After a summer lull, the investment company fundraising machine has roared back into life in recent weeks. Many decent existing funds that have already proved themselves are looking for more cash. For example, just in the last few days, we have seen an oversubscribed issue from Target Healthcare REIT (THRL ) and a substantial fundraise by Aquila European Renewables Income (AERI ).
There is also an interesting clutch of new trusts to consider, including a new forestry fund – Foresight Sustainable Forestry – and Responsible Housing Reit, a new BMO-managed competitor to Civitas Social Housing (CSH ), Triple Point Social Housing Reit (SOHO ), and to a lesser extent, Home Reit (HOME ). This week though, I will focus on Blackfinch Renewable European Income Trust (BRET).
Blackfinch is looking for £300m to invest in a portfolio of renewable energy assets. BRET has a £232m seed portfolio lined up and thinks it can generate dividend yields (based on the issue price) of 1%-3% for its first financial year to 30 June 2022, 5% to 5.5% for the second financial year, 6% in year three, and progressive dividend growth thereafter.
It is looking to enter a crowded market. Many of the 19 existing constituents of the Association of Investment Companies’ Renewable Energy Infrastructure sector are themselves recent new issues and quite a few of them are trying to expand. It helps that just one of these is trading on a discount, Aquila Energy Efficiency (AEET ), which underlines the demand for these assets.
As I have said before, the potential investment pool is vast.
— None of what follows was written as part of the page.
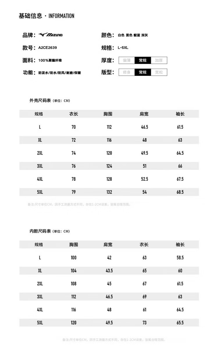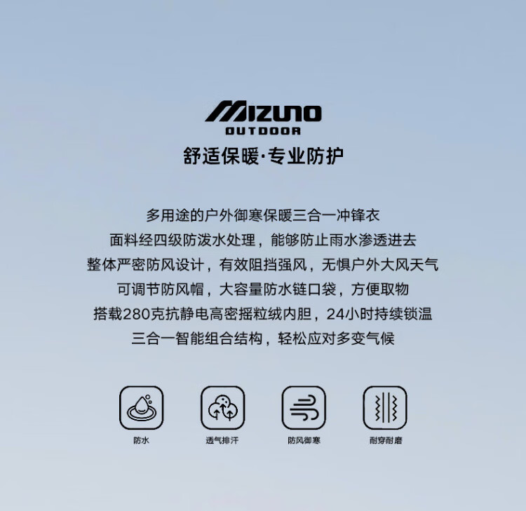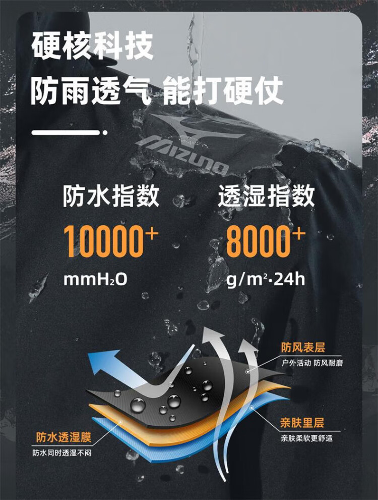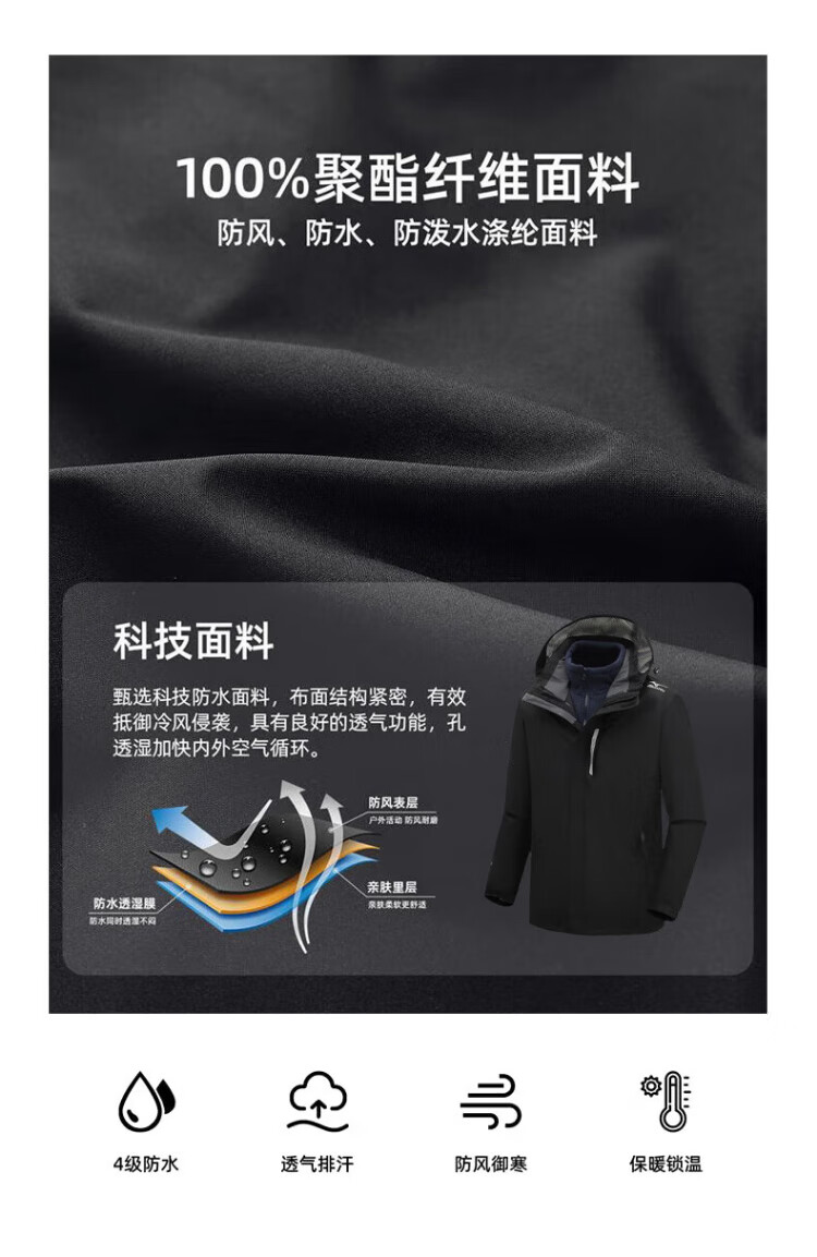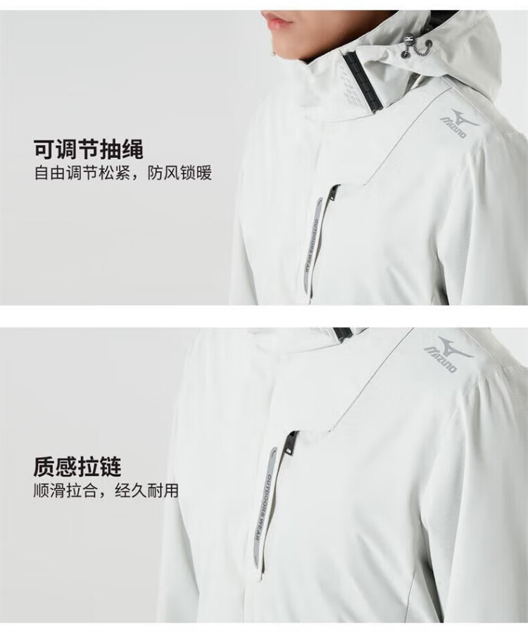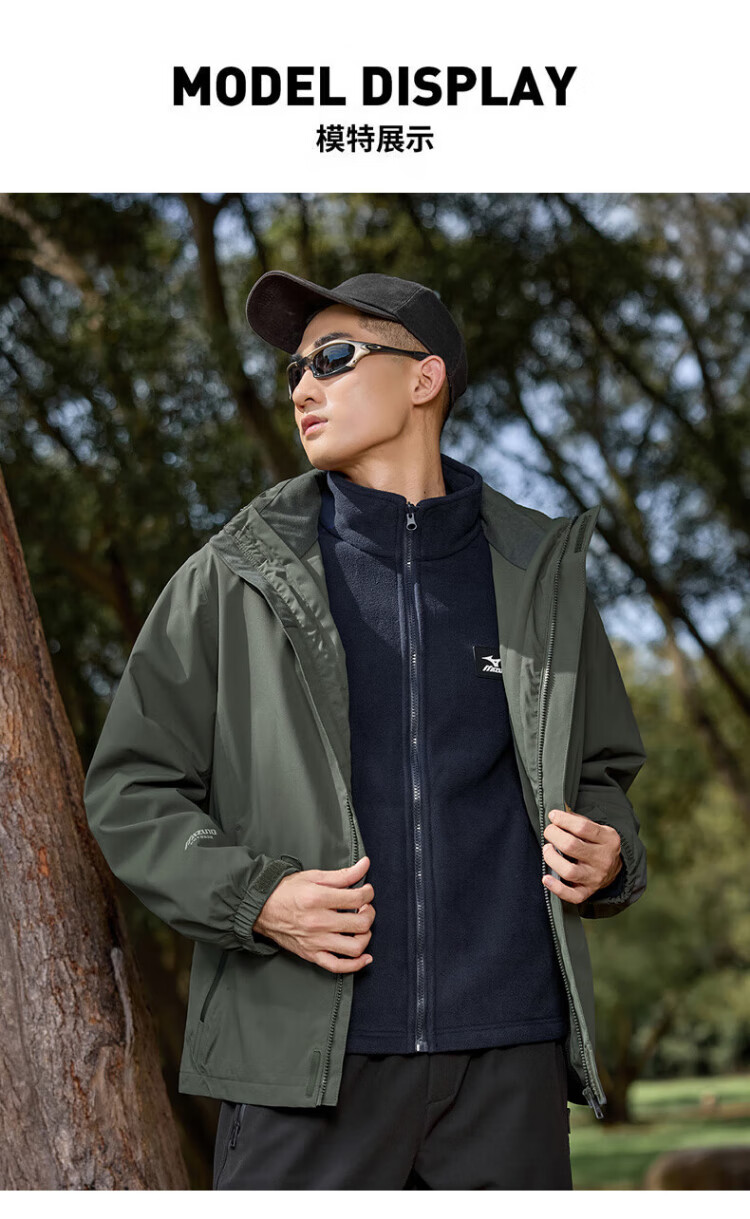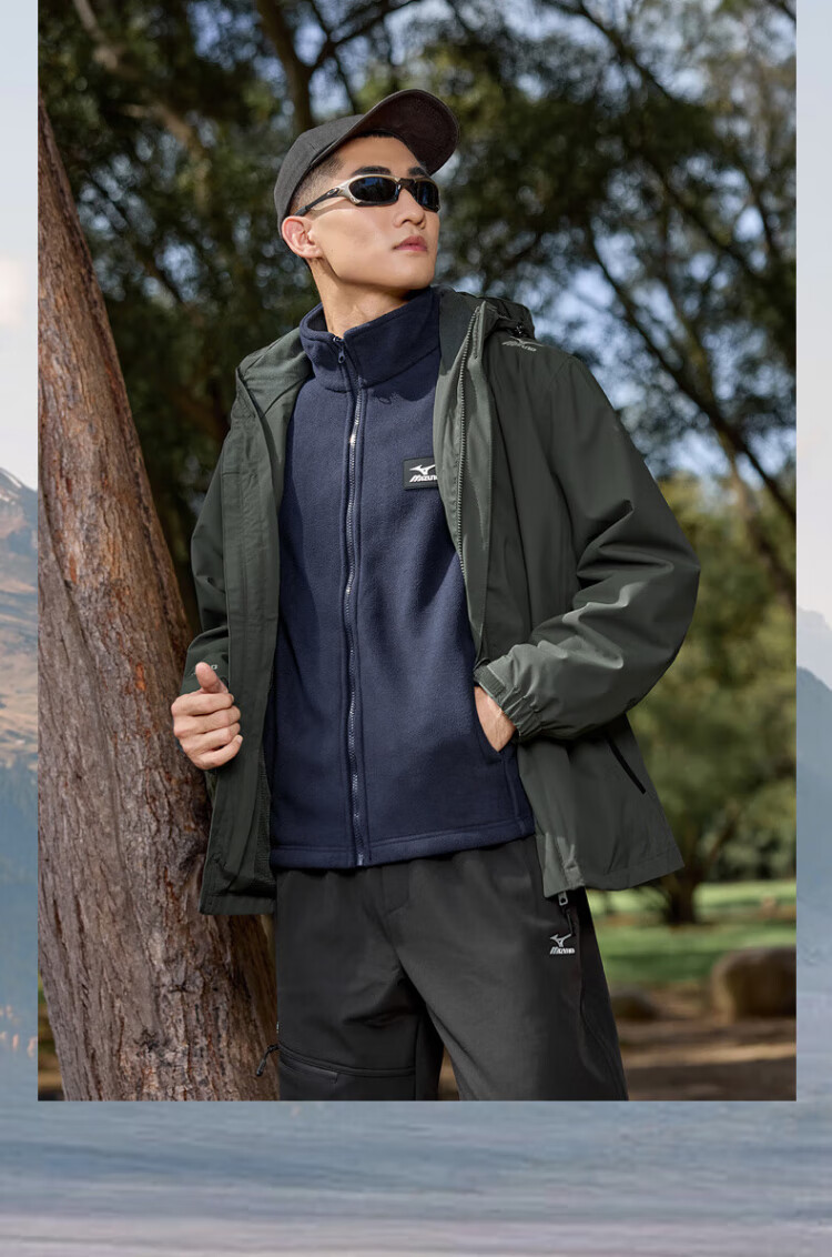 Mizuno Outdoor Jacket Men's Jacket Top Hooded Windproof and Waterproof Three-in-One Mountaineering Suit Black XL

BRET’s prospectus quotes a figure from Bloomberg New Energy Finance of $967bn (£699bn) that needs to be invested in renewable energy in Europe, part of more than $5tn globally, to meet agreed climate change goals.
BRET’s dividend targets would make it competitive within the sector, where yields for established funds range from 4.6% up to 7.3%. However, I think that to justify its existence the trust needs to offer something different.
Like Downing Renewables and Infrastructure (DORE ), with its significant Swedish exposure, part of BRET’s pitch is its geographical remit. Its target markets are Italy – which has some overlap with the likes of NextEnergy Solar (NESF ) and JLEN Environmental Assets (JLEN ) – Poland, Central and Eastern Europe, potentially some UK (it’s in the seed portfolio but isn’t an area that they are seeking to prioritise in the long term), Portugal and maybe Spain.
That contrasts with Aquila European Renewables Income, which currently is invested across Denmark, Finland, Greece, Norway and the Iberian Peninsula.
BRET also plans to have a sizeable allocation to assets at the construction stage – a policy that VH Global Sustainable Energy Opportunities (GSEO ) has adopted. Buying assets at the construction stage should also add to returns but comes with a little more risk. Although, to be fair, much of this is absorbed by the developer in the first instance.
While in the short-term, GSEO’s net asset value looks to be falling, once its projects are completed, it should increase.
A recent example of GSEO’s dealmaking is an interesting £78m deal to back the construction of two gas-powered combined heat and power plants in the UK with carbon-capture facilities. GSEO raised £250m at launch, below its target of £400m. With this UK deal, it has now committed 92% of its IPO proceeds and could also be looking to raise money soon.
Blackfinch has good relationships with three developers and is looking to partner with more of them. Sourcing as many deals as possible in this way, rather than competing with other investors in auction situations, should help them buy assets at more attractive prices.
BRET thinks its target markets offer higher yields than UK-based assets. Since many of the assets will also be subsidy-free, making them more sensitive to power price fluctuations, Blackfinch intends to avoid using gearing. The trust may change its stance on this in the future, once projects are operational, or it could look to sell completed assets onto investors who are prepared to use debt finance, crystallising some capital gains.
I think BRET is sufficiently differentiated and would make an interesting addition to the sector, but it remains to be seen whether demand for a new fund is greater than the desire to expand some of the existing ones. It is interesting to note in this context that the €90m AERI just raised was €10m less than it had hoped for.